Reproduce exactly, and only, the lines below from the one containing "heißt das neue" through the one containing "Bei der zweiten".

[[ SUPPLIED RECORDS open ]]

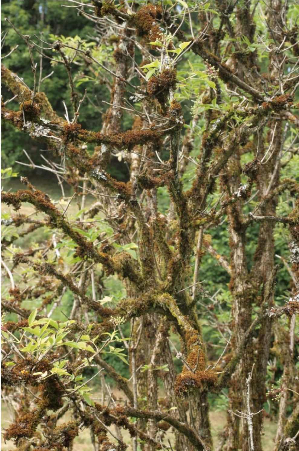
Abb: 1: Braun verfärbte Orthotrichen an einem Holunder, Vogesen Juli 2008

[[ SUPPLIED RECORDS closed ]]
[[ SUPPLIED RECORDS open ]]

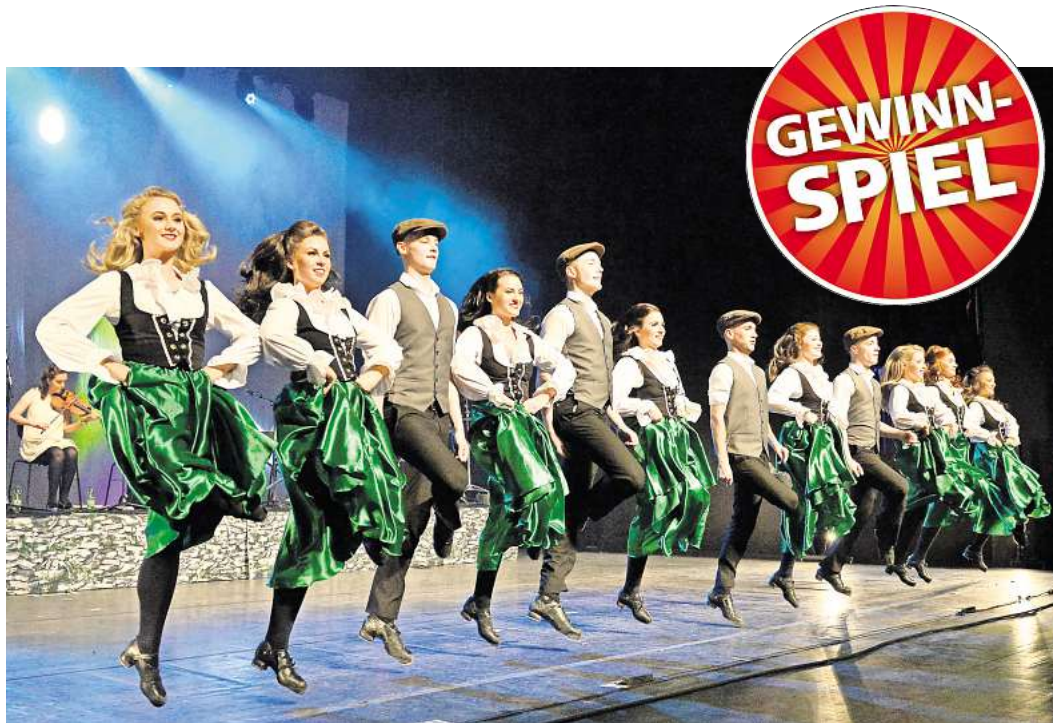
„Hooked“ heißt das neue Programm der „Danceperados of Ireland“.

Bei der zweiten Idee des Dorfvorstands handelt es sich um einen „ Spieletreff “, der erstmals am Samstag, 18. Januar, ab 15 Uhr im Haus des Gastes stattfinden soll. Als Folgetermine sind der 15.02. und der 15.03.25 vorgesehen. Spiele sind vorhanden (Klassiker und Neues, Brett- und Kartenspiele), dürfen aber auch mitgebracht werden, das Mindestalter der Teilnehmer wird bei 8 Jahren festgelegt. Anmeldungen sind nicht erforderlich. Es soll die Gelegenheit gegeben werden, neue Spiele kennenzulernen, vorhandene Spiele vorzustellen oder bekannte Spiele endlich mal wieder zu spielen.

[[ SUPPLIED RECORDS closed ]]

- SOLVED EXERCISE:
„Hooked“ heißt das neue Programm der „Danceperados of Ireland“.

Bei der zweiten Idee des Dorfvorstands handelt es sich um einen „ Spieletreff “, der erstmals am Samstag, 18. Januar, ab 15 Uhr im Haus des Gastes stattfinden soll. Als Folgetermine sind der 15.02. und der 15.03.25 vorgesehen. Spiele sind vorhanden (Klassiker und Neues, Brett- und Kartenspiele), dürfen aber auch mitgebracht werden, das Mindestalter der Teilnehmer wird bei 8 Jahren festgelegt. Anmeldungen sind nicht erforderlich. Es soll die Gelegenheit gegeben werden, neue Spiele kennenzulernen, vorhandene Spiele vorzustellen oder bekannte Spiele endlich mal wieder zu spielen.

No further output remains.